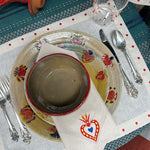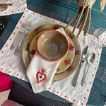 Mantelería Milagritos con Individuales Silvia con Puntitos Rojos y Servilletas Milagritos con Bordado de Corazón en llamas en Lino Arena. Set para 4 personas.
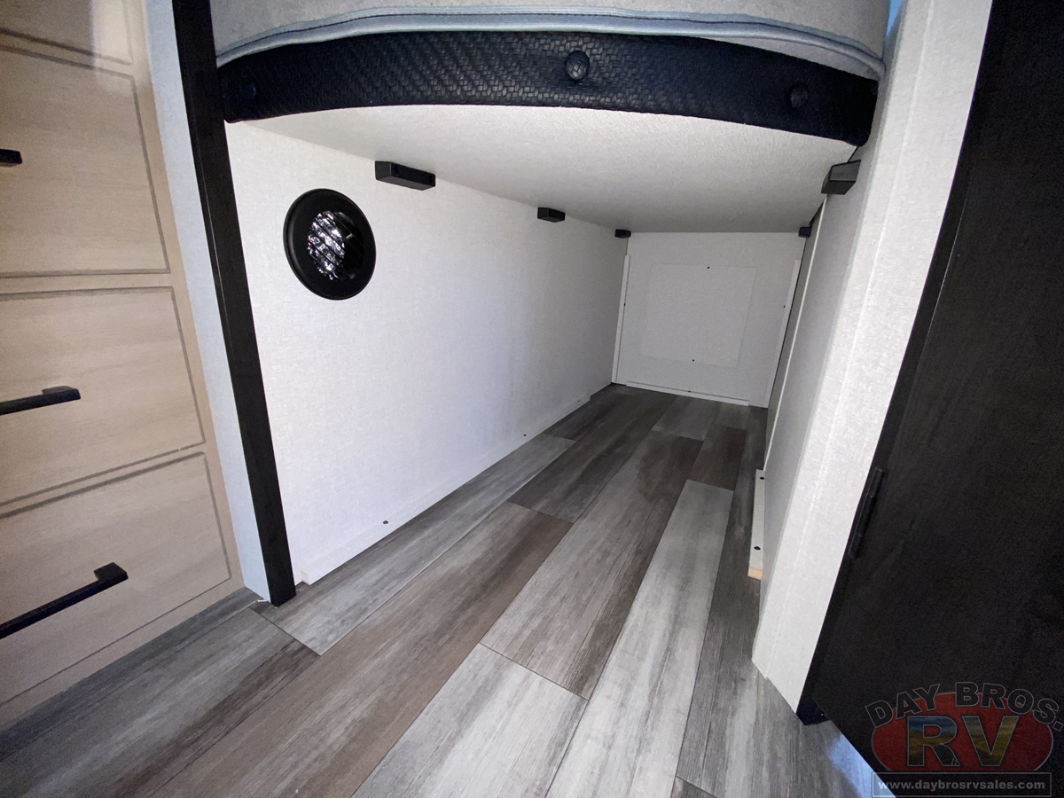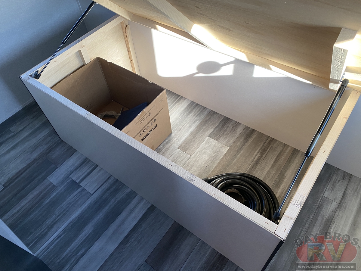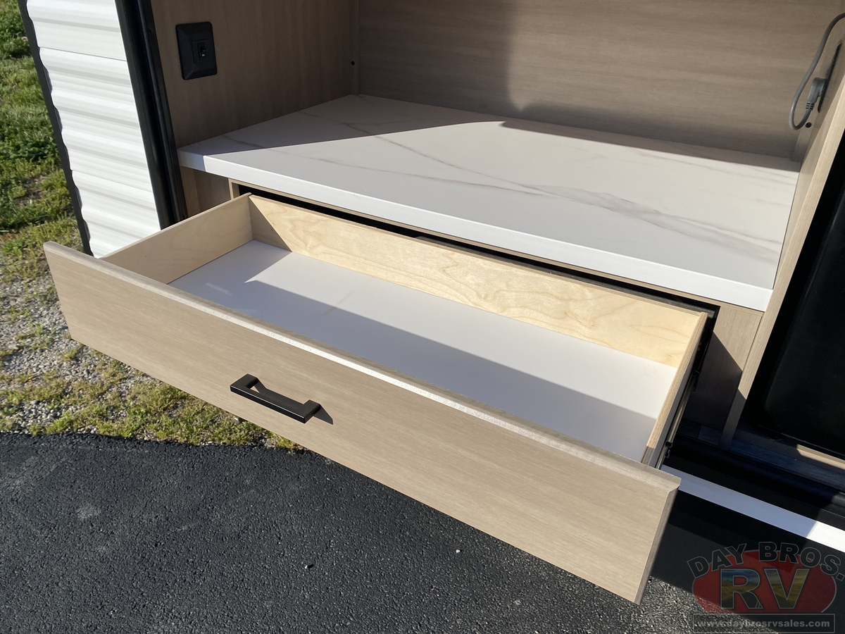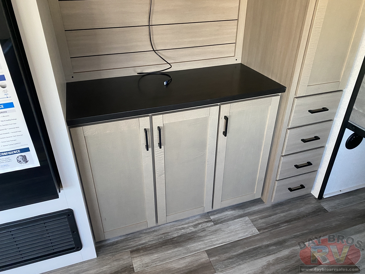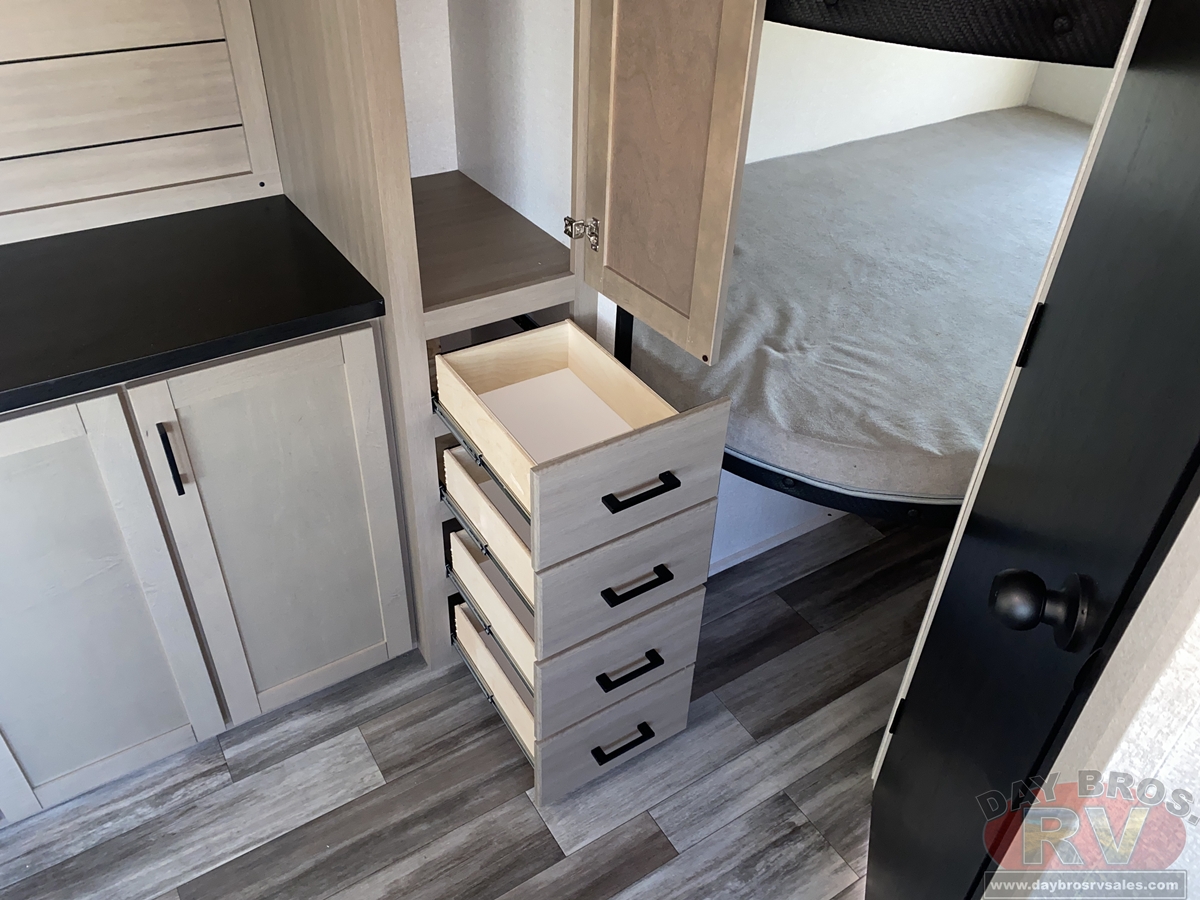 Inside, you’ll find solid hardwood cabinet doors with hidden hinges, giving the space a modern, residential feel. Oversized cabinets and under-bed storage ensure there’s room for everything you need, while the lit exterior passthrough storage makes packing and unpacking a breeze.
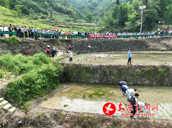 眾多游人及附近村民趕來體驗手工插秧,參加別開生面的田間趣味比賽,感受美麗鄉村的建設成果和傳統農事魅力。上午11時許,隨著裁判一聲令下,插秧比賽正式拉開帷幕,稻田頓時變為賽場,來自全鎮10個村的插秧選手們,卷起褲管,擼起袖子,赤腳走進稻田,一手持秧苗,一手飛快地分苗、插秧,大家你追我趕,紛紛拿出看家本領一展高下,觀賽者們加油助威,現場一派熱火朝天的勞動場景。
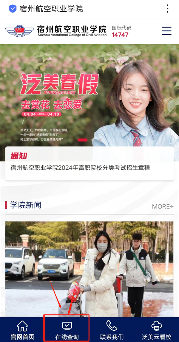 1.手机登录彩神Vll学院官网(https://szyuecheng.com/),点击页面下方“进入首页”🧎🏻♀️➡️☄️,进入首页后选择下方“在线查询”;
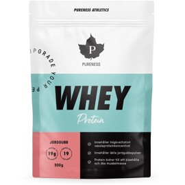 Pureness Whey Protein Jordgubb är ett proteinpulver med jordgubbssmak tillverkad av högkvalitativt vassleproteinkoncentrat.För oss är det viktigt med råvaror av högsta kvalitet. I vårt vassleprotein använder vi mjölk som kommer från fritt betande kor. Ur mjölken ultrafiltreras ett proteinkoncentrat som vi smaksätter. Den härliga smaken av jordgubb kommer från äkta jordgubbspulver och naturliga aromer.Hela kedjan från råvara till färdig produkt kontrolleras noga för att skapa ett proteinpulver utan kompromisser på varken smak eller kvalitet.Pulvret är enkelt att använda. Blanda pulvret med vatten, ditt val av mjölk eller tillsätt det i en smoothie före/efter träning, eller när som helst under dagen för ett nyttigt, proteinrikt mellanmål.Pureness Whey Protein Jordgubb är ett tillskott för att möta det dagliga behovet av protein. Protein bidrar till att öka och bibehålla muskelmassa samt bibehålla normal benstomme.Innehåller inget socker, aspartam, sukralos eller acesulfam K - inga konstgjorda smakämnen, konserveringsmedel eller färgämnen.
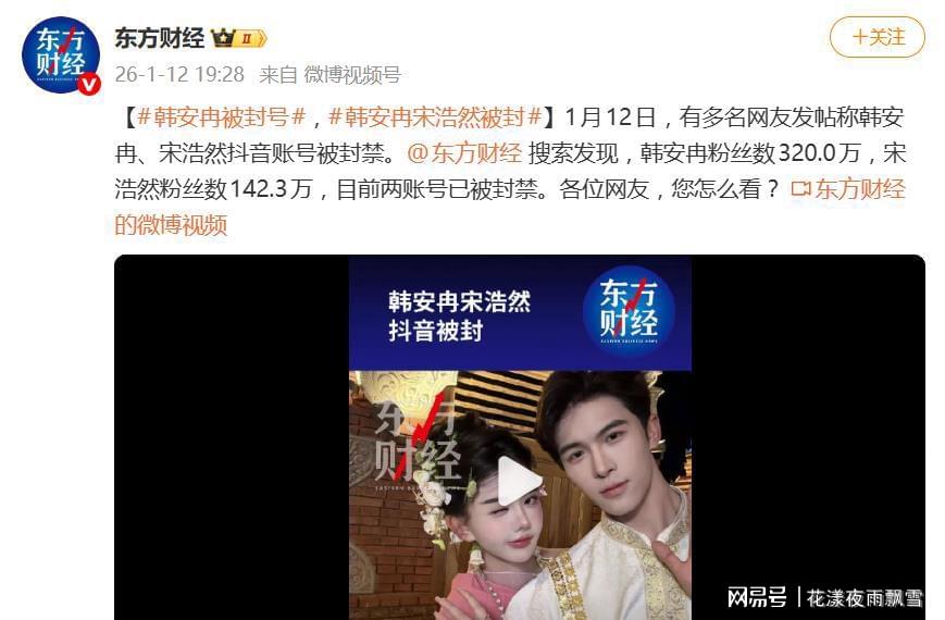 2026年1月12日,网红圈迎来一次“清网式”震动。坐拥粉丝合计超460万的头部网红韩安冉与宋浩然,其抖音主账号被平台同步封禁,内容全部清空。这记“终局处罚”的重锤落下,被广泛解读为平台对一场持续三年、反复以婚变互撕博取眼球的“流量连续剧”的最终清算。

□ □ □ □ □ □ □

Repeat the records verbatim, excluding pictures.

 Mantelería Milagritos con Individuales Silvia con Puntitos Rojos y Servilletas Milagritos con Bordado de Corazón en llamas en Lino Arena. Set para 4 personas.
 Inside, you’ll find solid hardwood cabinet doors with hidden hinges, giving the space a modern, residential feel. Oversized cabinets and under-bed storage ensure there’s room for everything you need, while the lit exterior passthrough storage makes packing and unpacking a breeze.
 眾多游人及附近村民趕來體驗手工插秧,參加別開生面的田間趣味比賽,感受美麗鄉村的建設成果和傳統農事魅力。上午11時許,隨著裁判一聲令下,插秧比賽正式拉開帷幕,稻田頓時變為賽場,來自全鎮10個村的插秧選手們,卷起褲管,擼起袖子,赤腳走進稻田,一手持秧苗,一手飛快地分苗、插秧,大家你追我趕,紛紛拿出看家本領一展高下,觀賽者們加油助威,現場一派熱火朝天的勞動場景。
 1.手机登录彩神Vll学院官网(https://szyuecheng.com/),点击页面下方“进入首页”🧎🏻♀️➡️☄️,进入首页后选择下方“在线查询”;
 Pureness Whey Protein Jordgubb är ett proteinpulver med jordgubbssmak tillverkad av högkvalitativt vassleproteinkoncentrat.För oss är det viktigt med råvaror av högsta kvalitet. I vårt vassleprotein använder vi mjölk som kommer från fritt betande kor. Ur mjölken ultrafiltreras ett proteinkoncentrat som vi smaksätter. Den härliga smaken av jordgubb kommer från äkta jordgubbspulver och naturliga aromer.Hela kedjan från råvara till färdig produkt kontrolleras noga för att skapa ett proteinpulver utan kompromisser på varken smak eller kvalitet.Pulvret är enkelt att använda. Blanda pulvret med vatten, ditt val av mjölk eller tillsätt det i en smoothie före/efter träning, eller när som helst under dagen för ett nyttigt, proteinrikt mellanmål.Pureness Whey Protein Jordgubb är ett tillskott för att möta det dagliga behovet av protein. Protein bidrar till att öka och bibehålla muskelmassa samt bibehålla normal benstomme.Innehåller inget socker, aspartam, sukralos eller acesulfam K - inga konstgjorda smakämnen, konserveringsmedel eller färgämnen.
 2026年1月12日,网红圈迎来一次“清网式”震动。坐拥粉丝合计超460万的头部网红韩安冉与宋浩然,其抖音主账号被平台同步封禁,内容全部清空。这记“终局处罚”的重锤落下,被广泛解读为平台对一场持续三年、反复以婚变互撕博取眼球的“流量连续剧”的最终清算。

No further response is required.